When I send a test email with an embedded link that is in the format of 'http://' or 'https://' - the email prints out the email body with the link in the text like this -
---------------------------------------------------------
Are there links in the email?
---------------------------------------------------------
Test Link <http://www.google.com/>
****
found link in email body
****
And I get my print message saying 'found link in email body' - which is the result I am looking for in my test phase, yet this will lead onto something else to happen within the final program.
Yet, if I add an embedded link in the email with no http:// such as google.com then the link doesn't print out and I don't get the result, even though I have an embedded link.
Is there a reason for this? I'm also suspecting maybe my if any() loops is not really the best. I didn't really understand it when I originally added it but it worked for http:// links. Then I tried just a .com and got my problem which I am having trouble finding a solution for.
To check if there are attachments to an e-mail you can search the headers for Content-Type and see if it says "multipart/*"
. E-mails with multipart content types may contain attachments.
To inspect the text for links, images, etc, you can try using Regular Expressions. As a matter of fact, this is probably your best option in my opinion. With regex (or Regular Expressions) you can find strings that match a given pattern. The pattern "<a[^>]+href=\"(.*?)\"[^>]*>(.*)?</a>"

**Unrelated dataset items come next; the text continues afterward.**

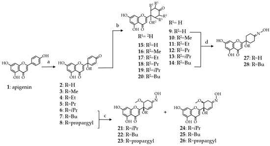 First, we prepared the 1′-O-alkyl substituted protoapigenone derivatives from apigenin (1), following our previously described procedure [7]. Oxidative dearomatization of the B-ring of apigenin was achieved by a hypervalent iodine reagent, [bis(trifluoroacetoxy)iodo]benzene, and the solvent was 10% v/v of water or alcohol in acetonitrile depending on the substituent to be coupled at C-1′. This allowed for us to obtain compounds 2–8 as potential intermediates for further transformations, among which 6 was already a compound of interest for this study due to its very weak cytotoxicity when compared to the others.
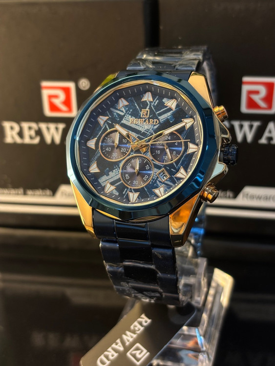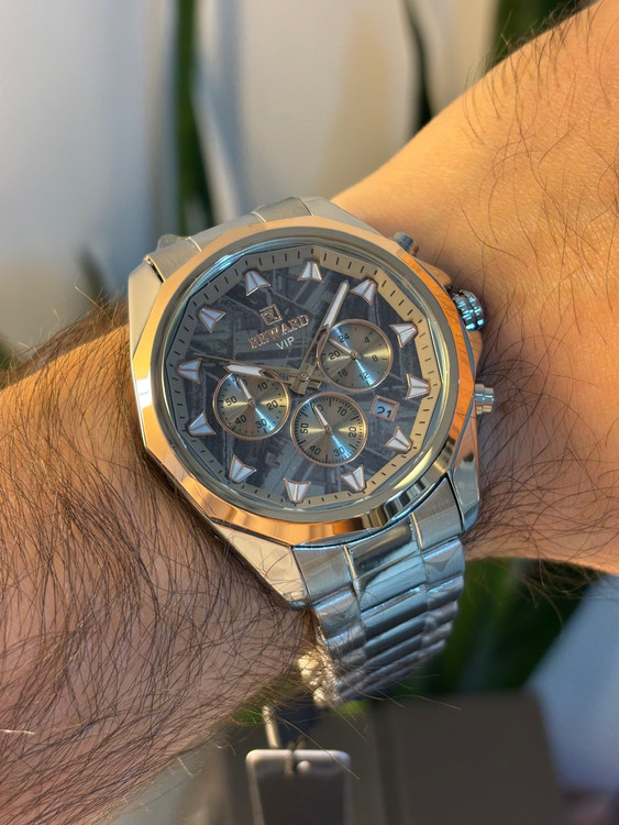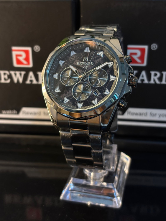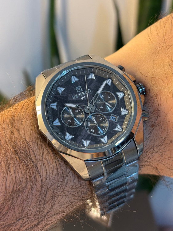 این مدل ساعت از برند ریوارد با باطری کار می کند و موتور آن کوارتز است. همچنین سه موتور آن فعال بوده و کورنوگراف است. نوع شیشه این مدل معدنی می باشدکه باعث مقاومت هرچه بیشتر ساعت شده است.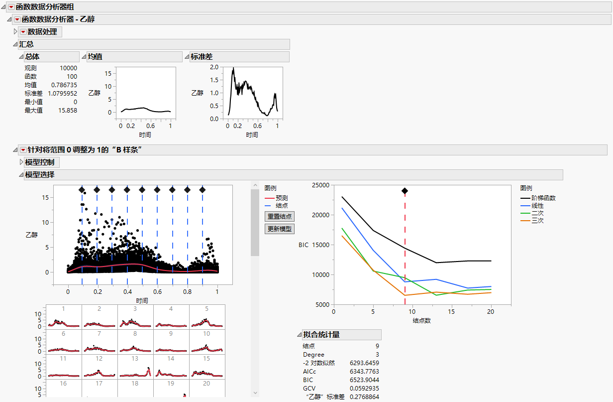 乙醇的“函数数据分析器”报表 和乙醇的“模型汇总”报表 显示一个函数过程变量“乙醇”的模型报表。滚动整个报表以查看每个过程变量的模型拟合情况。接着,在分析中使用“函数汇总”报表中的 FPC。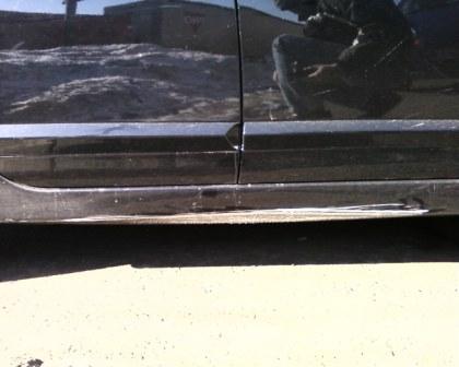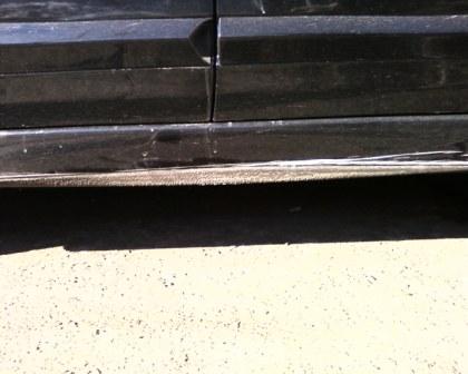 .... Здравствуйте! У меня точно такая же проблема. Выглядит точно так же, как у коллеги, но по длине вмятина-царапина только под задней правой дверью.

, for example, should match all links in your email message regardless of whether they are a single word or a full URL. I hope that helps!
Here's an example of how you can implement this in Python:
import re
text = "This is your e-mail body. It contains a link to <a
href='http//www.google.com'>Google</a>."
link_pattern = re.compile('<a[^>]+href=\'(.*?)\'[^>]*>(.*)?</a>')
search = link_pattern.search(text)
if search is not None:
print("Link found! -> " + search.group(0))
else:
print("No links were found.")
For the "end-user" the link will just appear as "Google", without www and much less http(s)... However, the source code will have the html wrapping it, so by inspecting the raw body of the message you can find all links.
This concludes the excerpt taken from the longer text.